┌─ Exercise input

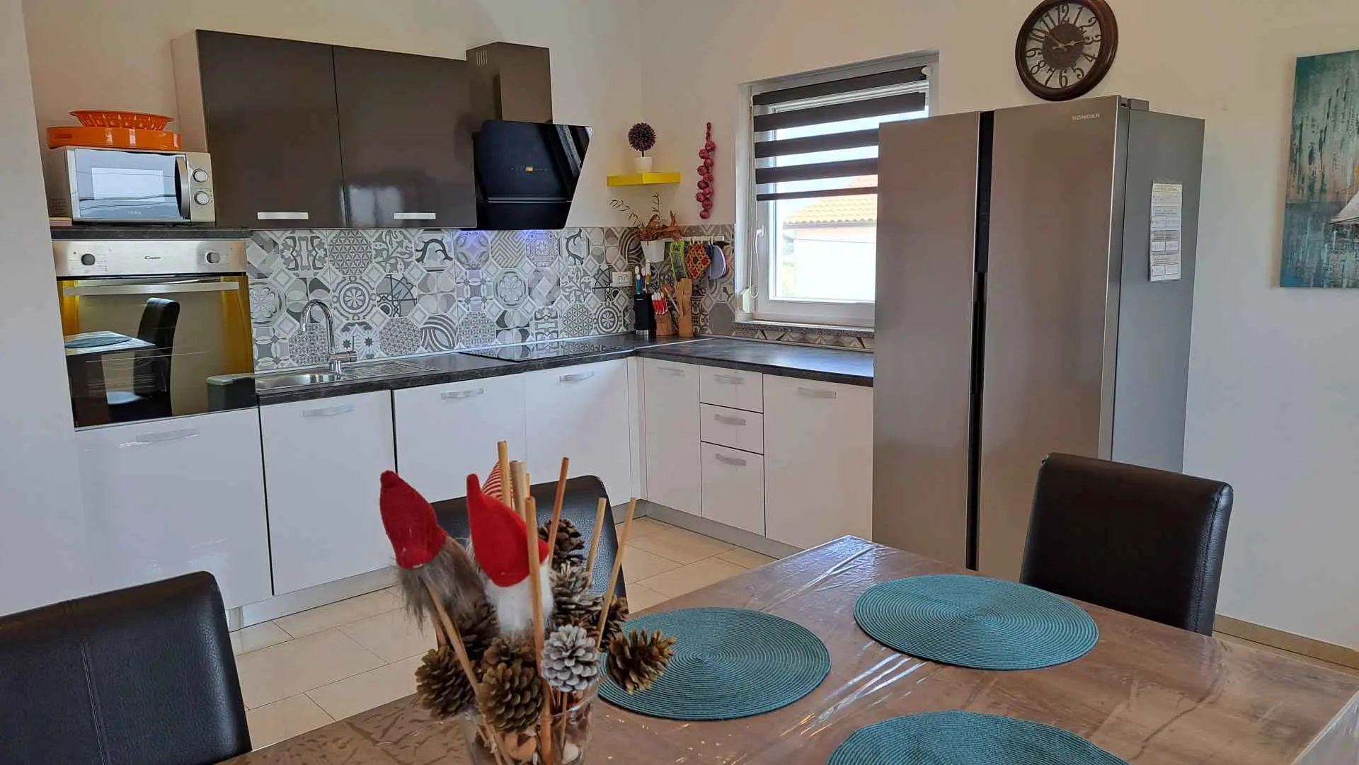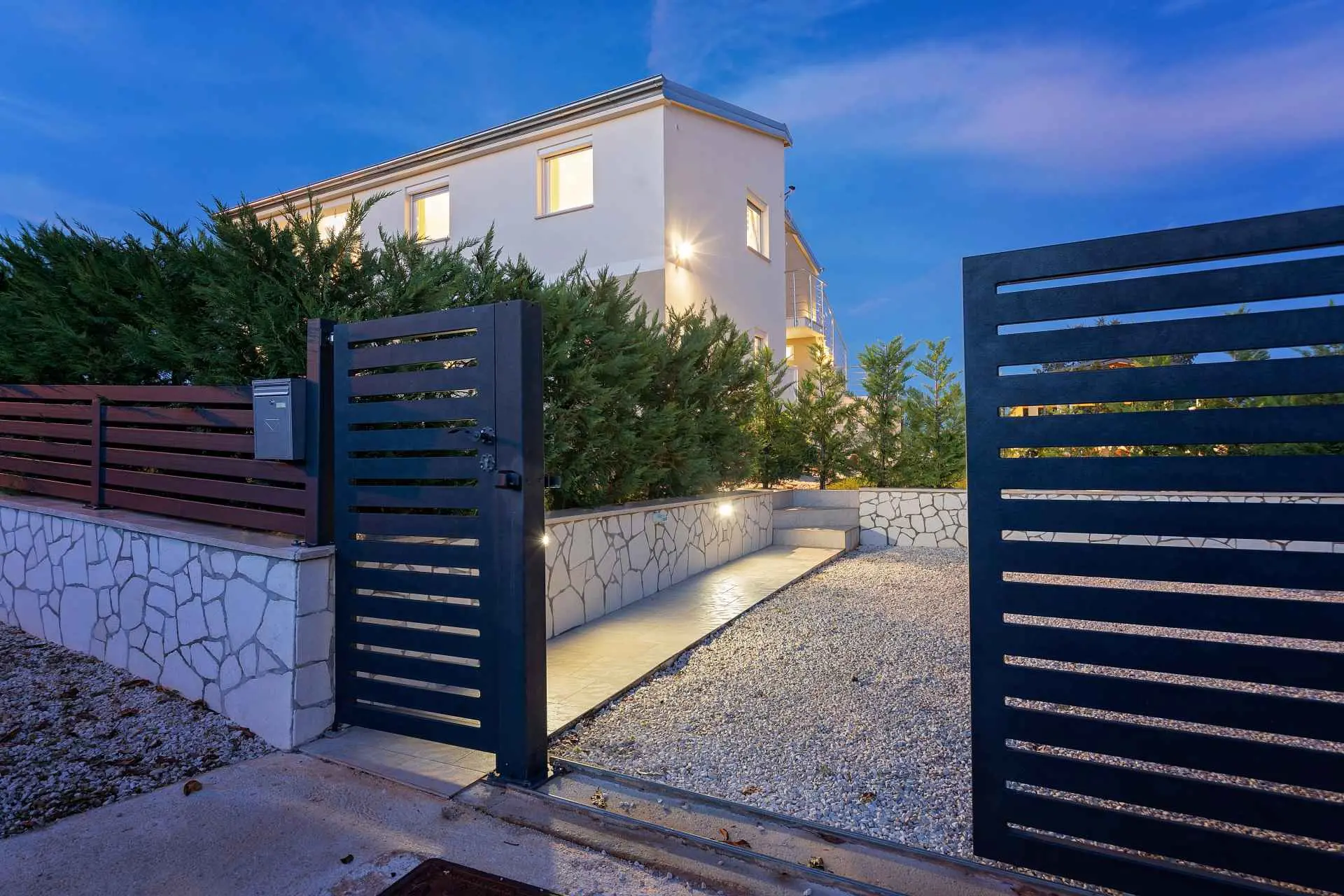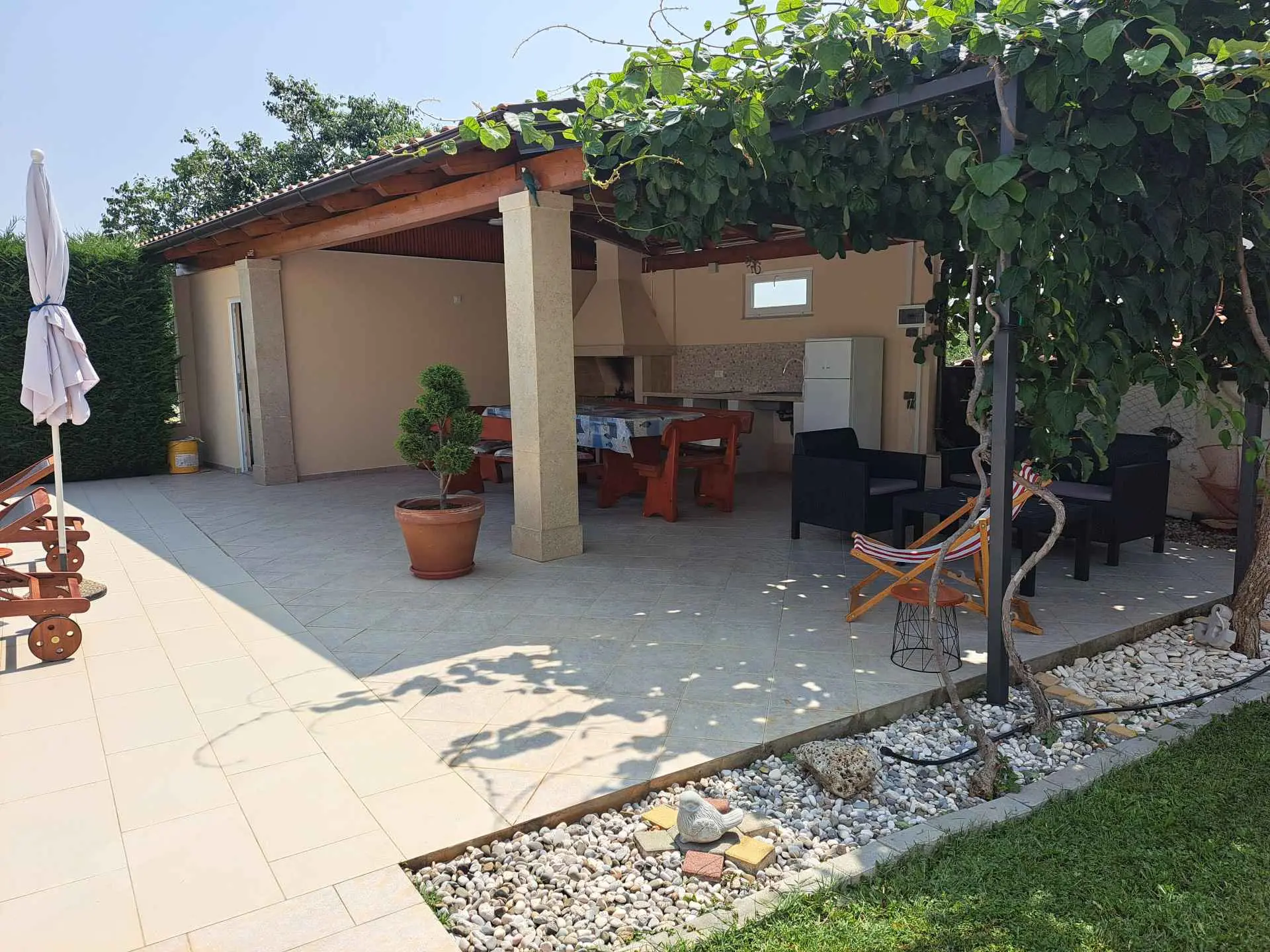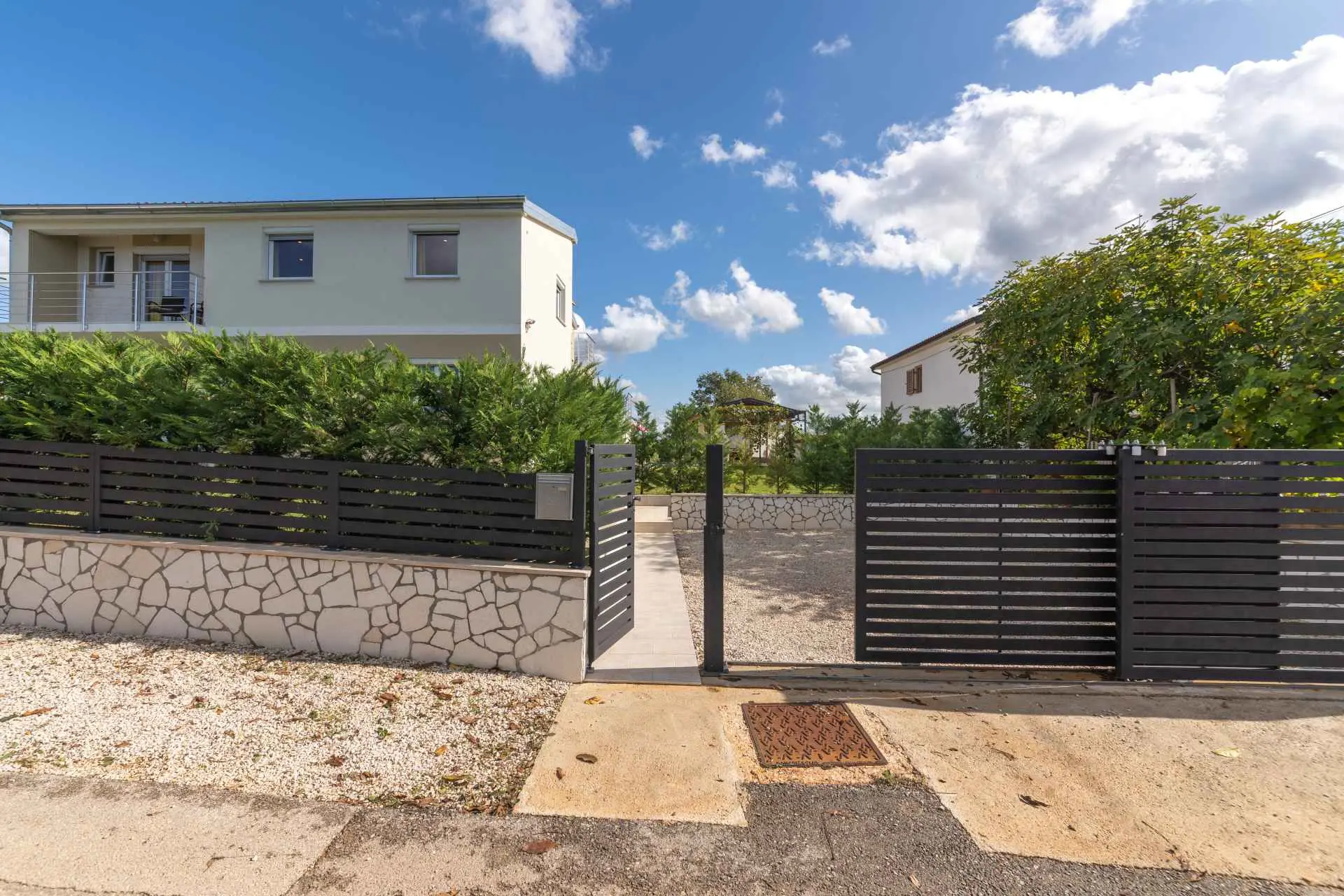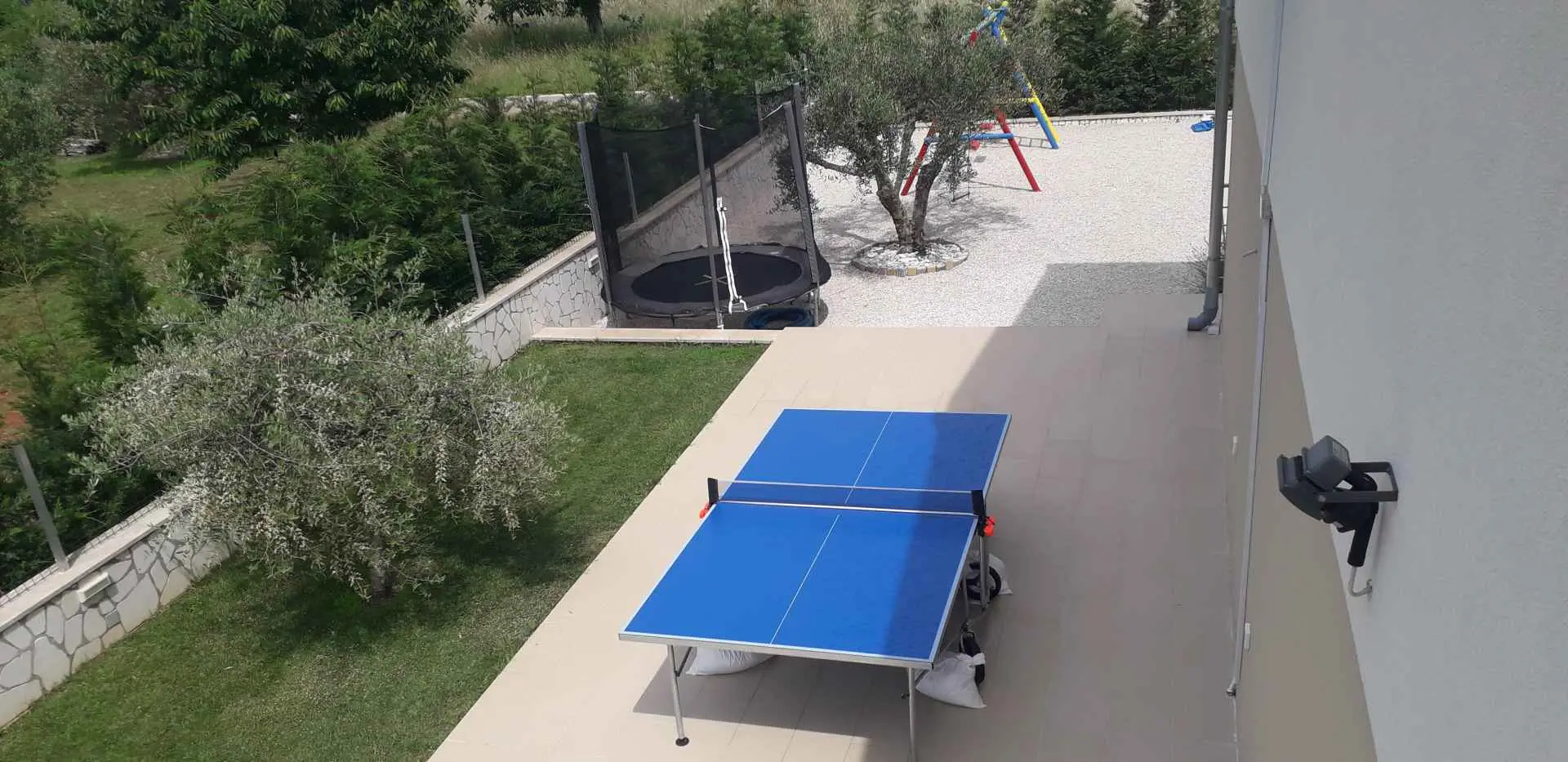 Dům se nachází v malém klidném městečku Kaštelir, pouhých 8 km od Poreče. Dům se skládá ze 2 apartmánů, každý má svůj vchod, takže je vhodný pro 2 rodiny, dvůr je společný a skvělý pro socializaci. Dům se pronajímá jako celek. Každý apartmán se skládá z kuchyně, obývacího pokoje a 2 ložnic. Každý pokoj má svou koupelnu, jak v prvním patře, tak v přízemí, s jedním dalším WC v přízemí. Dvůr je kompletně oplocený. K dispozici máte vlastní bazén 8m x 4m, trampolínu, dětské hřiště, venkovní terasu s grilem a 4 parkovací místa, z toho dvě krytá. Ideální místo pro strávení dovolené s dětmi. Večírky nejsou povoleny.
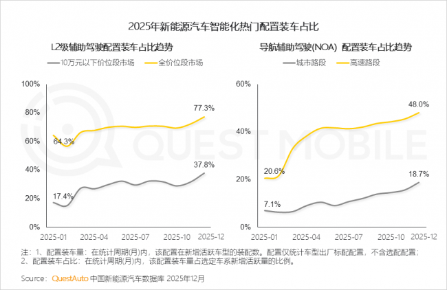 中国新能源汽车数据库QuestAuto数据显示,新能源汽车全价位段L2级辅助驾驶渗透率稳定在70%以上,10万元以下市场持续提升至37.8%,智能辅助驾驶正加速向大众消费市场普及;与此同时,智能辅助驾驶核心战场从高速路段向城市道路拓展。
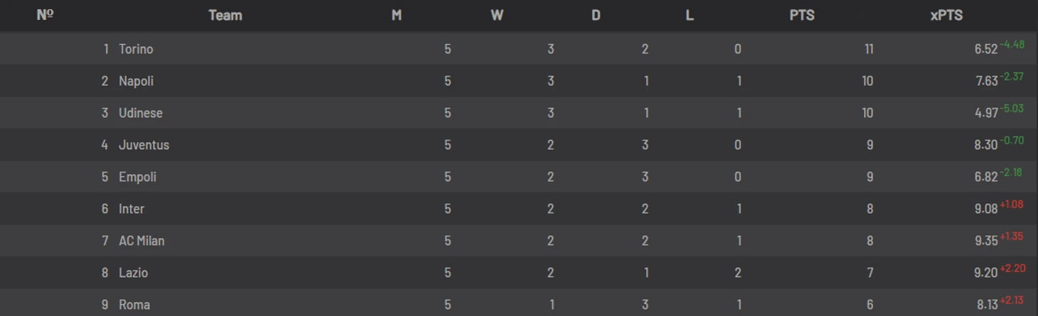 Для вящего понимания, к сентябрьской игре с «Лацио» туринцы подходили с космическим (особенно по меркам дистанции) очковым оверперформом: аж + 4,48 xPTS. Мощнее заигрывали с фортуной лишь фриульцы, имевшие + 5,03.
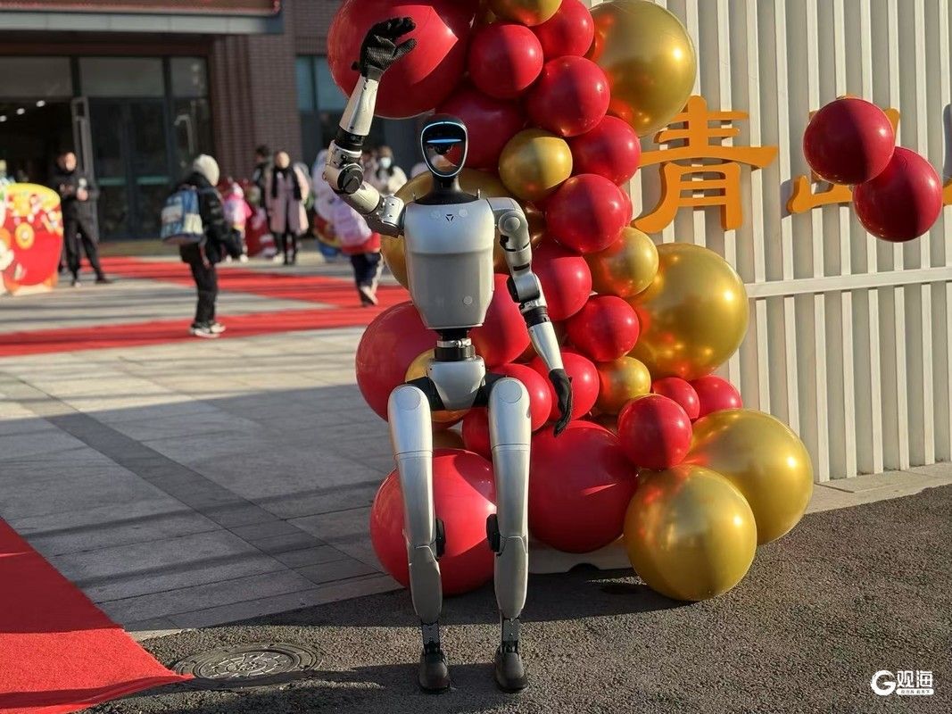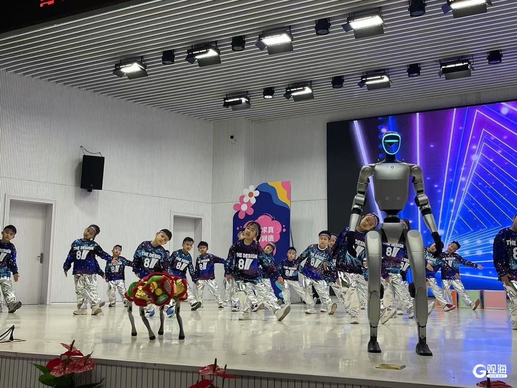 “你好!新学期加油!”青岛同德小学门口,智能机器人“同小德”十分醒目,它与校长张淑世一同迎接学生归来。学生们满怀欣喜,纷纷与“同小德”打招呼,兴奋地拉着它合影留念。学校的开学典礼科创色彩十足,机器人“同小德”领衔憨态可掬的机器狗翩翩起舞,引来学生阵阵欢呼。学生表演《你好,未来》节目,以朗诵与舞蹈的形式讲述“我的AI梦想”,激发了同学们探索科技奥秘的热情。
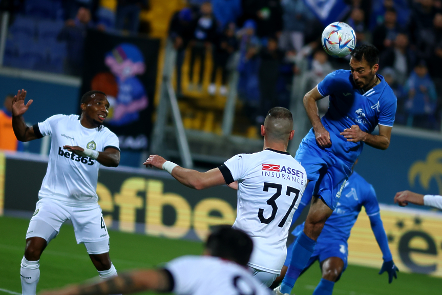 Двубоят започна интересно и още в третата минута попадение за "белите" беше отменено заради засада на Ахмед Ахмедов, който беше изведен зад защитата с подаване на Галин Иванов. ВАР не зачете попадението.

└─

Goal of the exercise: The required result is an exact copy of the lines from the line containing "Для вящего понимания, к" through the end of the entries, with every picture left out.

Written reply:
 Для вящего понимания, к сентябрьской игре с «Лацио» туринцы подходили с космическим (особенно по меркам дистанции) очковым оверперформом: аж + 4,48 xPTS. Мощнее заигрывали с фортуной лишь фриульцы, имевшие + 5,03.
 “你好!新学期加油!”青岛同德小学门口,智能机器人“同小德”十分醒目,它与校长张淑世一同迎接学生归来。学生们满怀欣喜,纷纷与“同小德”打招呼,兴奋地拉着它合影留念。学校的开学典礼科创色彩十足,机器人“同小德”领衔憨态可掬的机器狗翩翩起舞,引来学生阵阵欢呼。学生表演《你好,未来》节目,以朗诵与舞蹈的形式讲述“我的AI梦想”,激发了同学们探索科技奥秘的热情。
 Двубоят започна интересно и още в третата минута попадение за "белите" беше отменено заради засада на Ахмед Ахмедов, който беше изведен зад защитата с подаване на Галин Иванов. ВАР не зачете попадението.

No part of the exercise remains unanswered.